Fifteen minutes passed.

Well, by now I was slightly panicked. I mean, the highway was large, yes, but she only needed to drive about ten minutes on an easy day to get here. She told me in the beginning that she'd pick me up in about twenty minutes and yet, thirty-five minutes later, I was still here. Still, I waited, cautious to any vehicle pulling into the lot.

Thirty minutes passed.

I was now completely overthrown with worry. I didn't know what to do. I could look stupid and slightly creepy to whatever bystander that passed me, by sitting here with nothing to do, or I could go inside and call her on her cell phone to see what was up.

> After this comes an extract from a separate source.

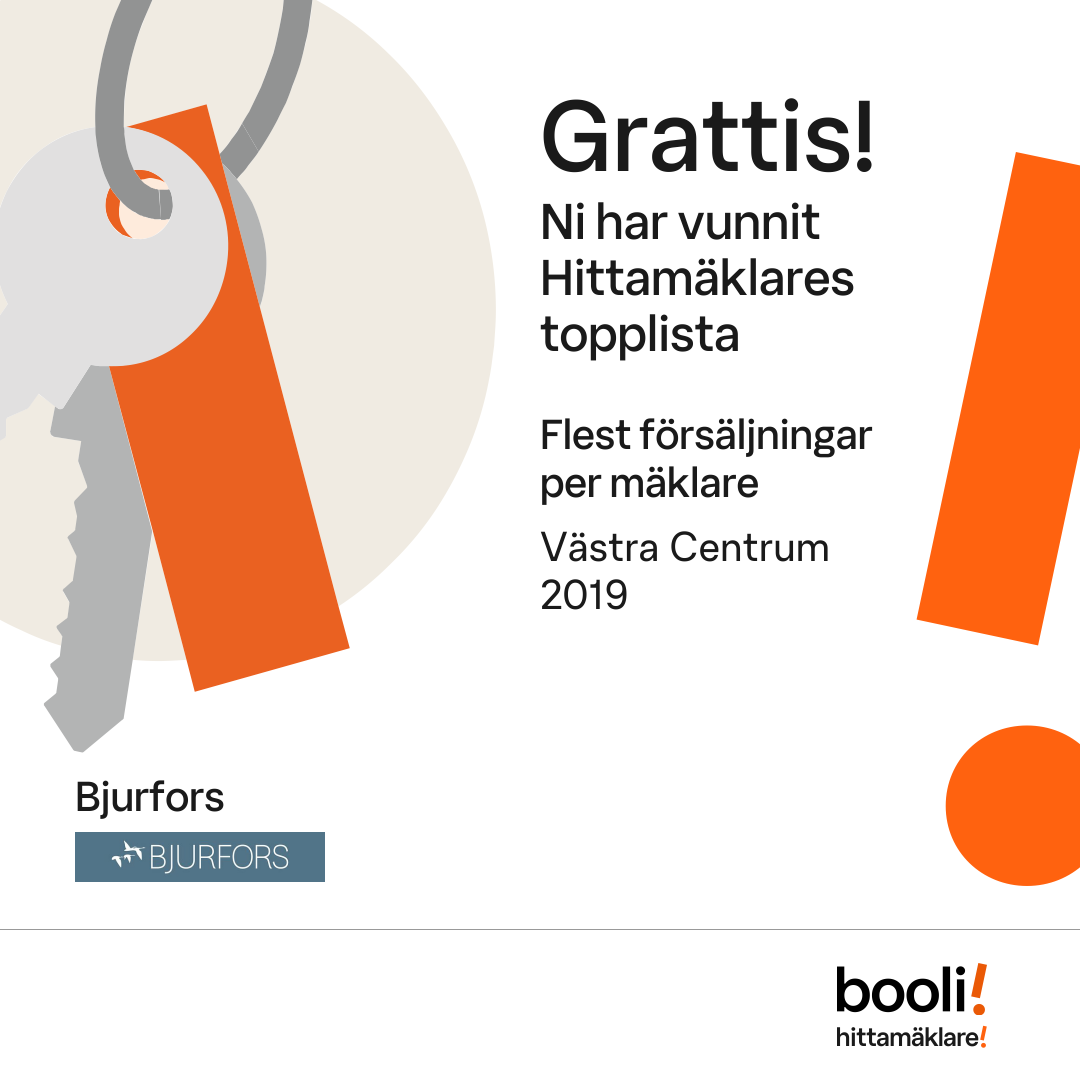 Statistik för publicerade bostäder, försäljningar och omdömen baseras på data från Booli och Hittamäklare. Statistiken för försäljningar avser inrapporterade och verifierade slutpriser från mäklare eller av Booli inhämtade och verifierade slutpriser. Statistiken för publicerade bostäder baseras på information som publicerats på Booli.se. Statistik för omdömen och rekommendationer baseras på omdömen från säljare som lämnats via Booli och Hittamäklare.

Actually, something occured to me in that moment. She was probably calling me right then! I'd head up to my small home and open the door to the sound of my phone ringing. I'd pick it up and she'd say that she was sorry, but she was running impossibly late, but that she'd be here in a few minutes...

Nodding decidedly, I got up, dusted myself off, and flung open the main door to the complex building. I jogged up the six steps to my front door and jammed the key hurriedly into my lock. Was it just me, or was my phone ringing all ready?

It was just me. I opened my door and heard nothing, no ringing, no answering machine taking a message. Checking my caller I.D. told me that the last call I'd received had been from her, about fifty minutes ago.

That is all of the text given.